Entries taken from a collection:
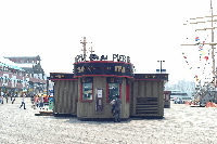 | 券売所。ここは、観光の拠点ですからいっぱい いろいろな種類の券が売られていますよ。 | 入り口のベンチ。 座ったら痛そう・・ |
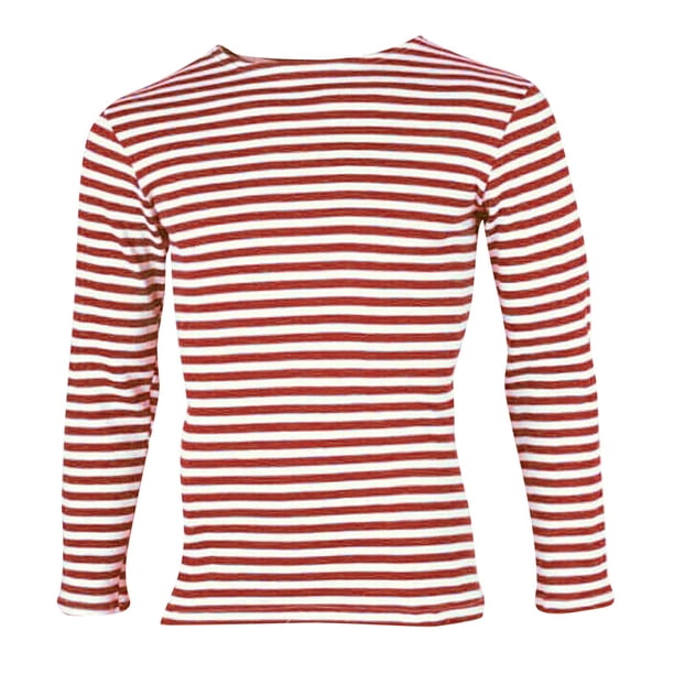 MHFRRA Camiseta Informal de Manga Larga con Cuello Redondo y Estampado a Rayas para Mujer y Hombre Rojo
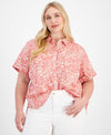 Tommy Hilfiger Cotton Cuffed-Sleeve Camp Shirt Mineral Red Plus Size 0X MSRP $60
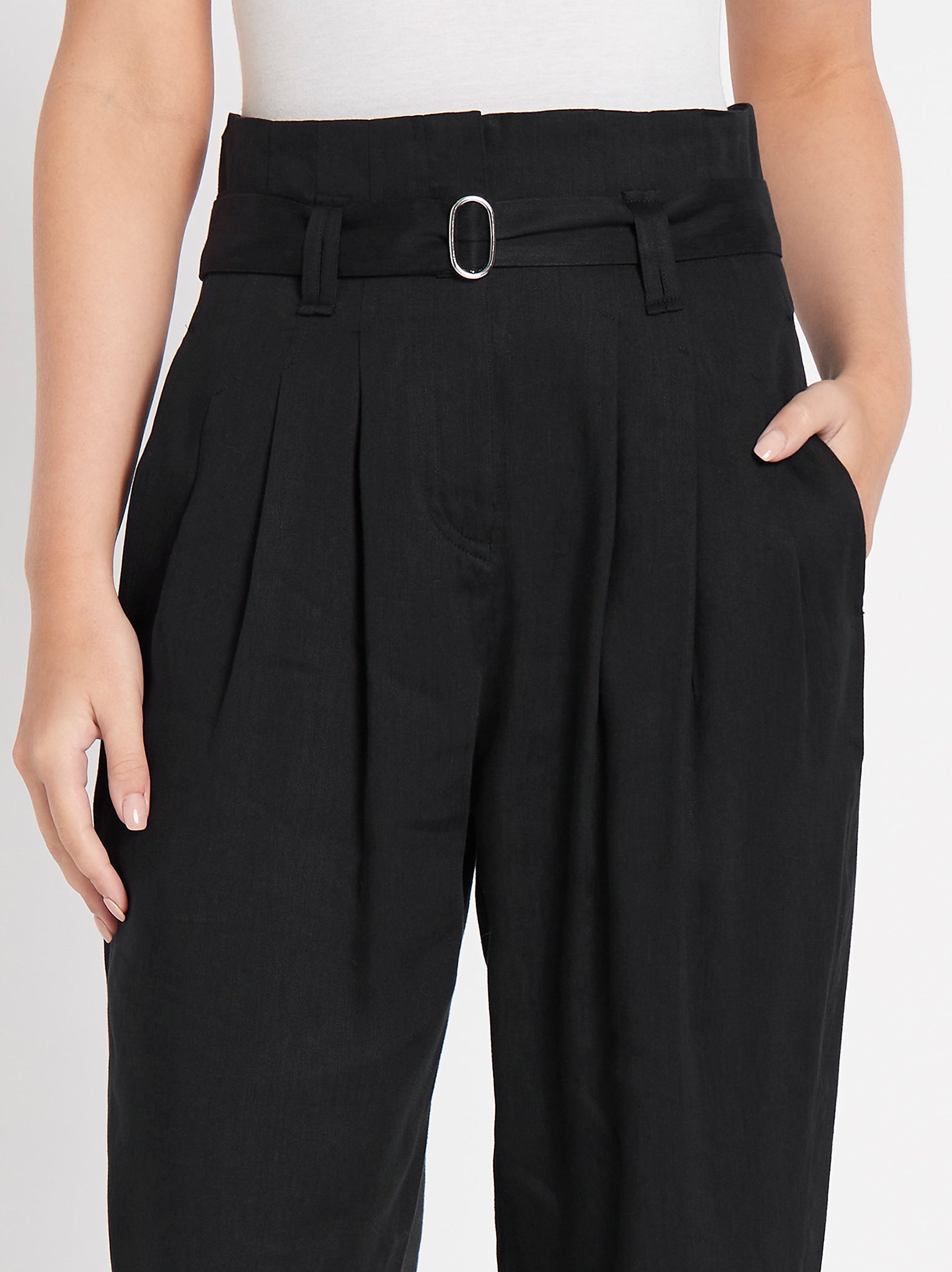 Keep it chic with the IRO Margate Pant in Black. These classic tapper leg trousers are constructed from a soft linen blend and feature a high rise, belted waist and soft pleats.
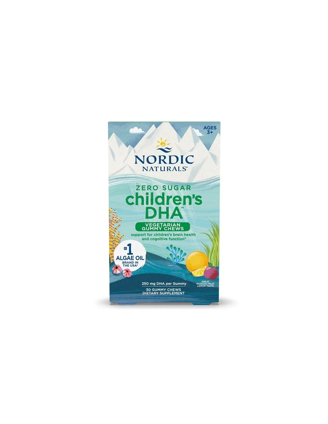 Gommose Vegetariane DHA per Bambini Nordic Naturals, 250mg Frutto della Passione Limone 30gommine
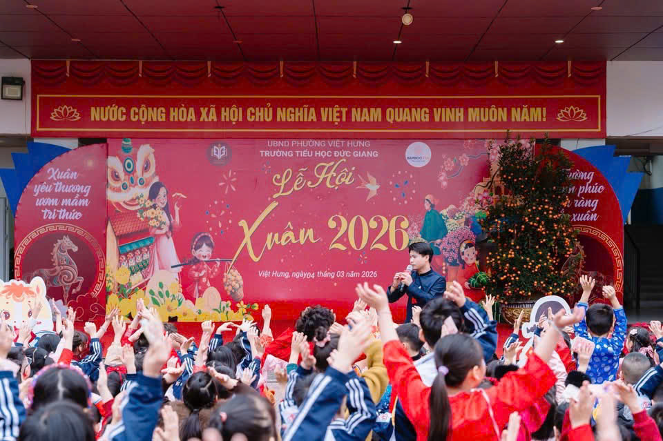 Ngày 04/3, Trường Tiểu học Đức Giang phối hợp cùng Bamboo Edu tổ chức chương trình “Hội Xuân 2026” trong không khí vui tươi, ấm áp và tạo cơ hội để học sinh được trải nghiệm những nét đẹp văn hóa truyền thống của dân tộc với nhiều hoạt động phong phú và ý nghĩa.
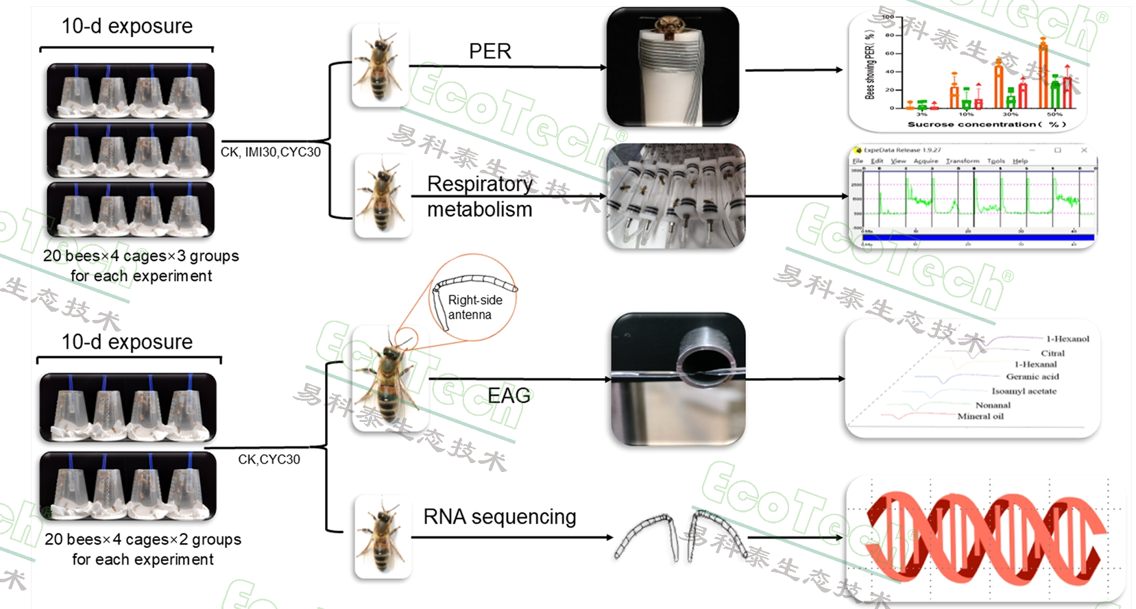 在慢性毒性實驗中,聯(lián)合團(tuán)隊使用北京易科泰生態(tài)技術(shù)有限公司提供的定制多通道昆蟲呼吸代謝測量系統(tǒng)進(jìn)行了單只蜜蜂的呼吸代謝實驗,并通過個體的二氧化碳排放速率作為藥物暴露后的呼吸代謝指標(biāo)。
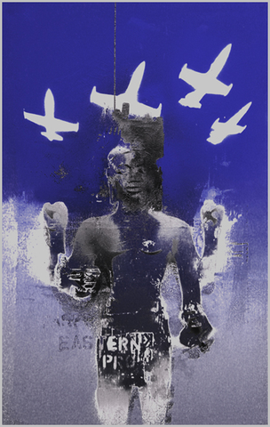 L’homme noir (figure récurrente chez l’artiste de Bristol, ancien très grand port négrier, jusqu’à l’abolition de l’esclave en Grande-Bretagne en 1807), les avions (empruntés à Basquiat, l’une des influences revendiquées de 3D), le visage désespéré (les sourires sont rares dans le monde visuel de 3D, au moins autant que dans la musique de Massive Attack…) : ce sont les icônes traditionnelles de l’artiste britannique que l’on retrouve ici, et une réalisation quasi prophétique que l’on aurait pu croire directement destiné à celui qui a finalement eu la chance de le récupérer à son profit. Mélissa Chemam, spécialiste, et cela tombe bien, autant de la géopolitique de l’Afrique contemporaine que de la scène artistique de Bristol :
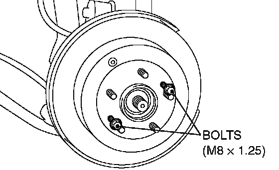 If the rear brake disc is seized, install M8 x 1.25 bolts as shown, and remove the rear brake disc by tightening the bolts evenly and gradually.
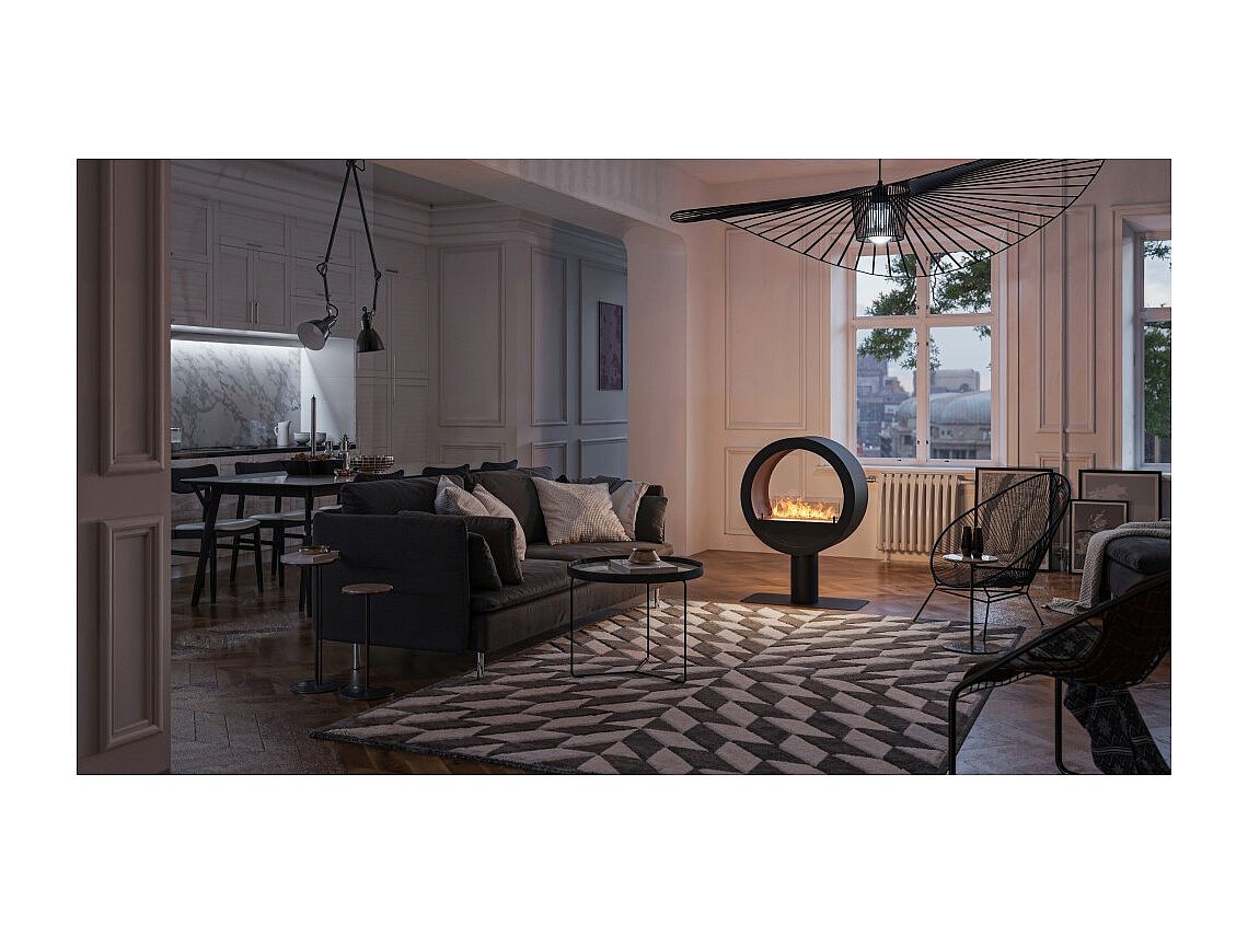 Chimenea de bioetanol de encimera Incycle Stand de 2 lados - Diseño circular con doble fachada de 70 cm de diámetro

Task description
Repeat each entry precisely as it appears. Leave the pictures out.

Result of this exercise
 | 券売所。ここは、観光の拠点ですからいっぱい いろいろな種類の券が売られていますよ。 | 入り口のベンチ。 座ったら痛そう・・ |
 MHFRRA Camiseta Informal de Manga Larga con Cuello Redondo y Estampado a Rayas para Mujer y Hombre Rojo
 Tommy Hilfiger Cotton Cuffed-Sleeve Camp Shirt Mineral Red Plus Size 0X MSRP $60
 Keep it chic with the IRO Margate Pant in Black. These classic tapper leg trousers are constructed from a soft linen blend and feature a high rise, belted waist and soft pleats.
 Gommose Vegetariane DHA per Bambini Nordic Naturals, 250mg Frutto della Passione Limone 30gommine
 Ngày 04/3, Trường Tiểu học Đức Giang phối hợp cùng Bamboo Edu tổ chức chương trình “Hội Xuân 2026” trong không khí vui tươi, ấm áp và tạo cơ hội để học sinh được trải nghiệm những nét đẹp văn hóa truyền thống của dân tộc với nhiều hoạt động phong phú và ý nghĩa.
 在慢性毒性實驗中,聯(lián)合團(tuán)隊使用北京易科泰生態(tài)技術(shù)有限公司提供的定制多通道昆蟲呼吸代謝測量系統(tǒng)進(jìn)行了單只蜜蜂的呼吸代謝實驗,并通過個體的二氧化碳排放速率作為藥物暴露后的呼吸代謝指標(biāo)。
 L’homme noir (figure récurrente chez l’artiste de Bristol, ancien très grand port négrier, jusqu’à l’abolition de l’esclave en Grande-Bretagne en 1807), les avions (empruntés à Basquiat, l’une des influences revendiquées de 3D), le visage désespéré (les sourires sont rares dans le monde visuel de 3D, au moins autant que dans la musique de Massive Attack…) : ce sont les icônes traditionnelles de l’artiste britannique que l’on retrouve ici, et une réalisation quasi prophétique que l’on aurait pu croire directement destiné à celui qui a finalement eu la chance de le récupérer à son profit. Mélissa Chemam, spécialiste, et cela tombe bien, autant de la géopolitique de l’Afrique contemporaine que de la scène artistique de Bristol :
 If the rear brake disc is seized, install M8 x 1.25 bolts as shown, and remove the rear brake disc by tightening the bolts evenly and gradually.
 Chimenea de bioetanol de encimera Incycle Stand de 2 lados - Diseño circular con doble fachada de 70 cm de diámetro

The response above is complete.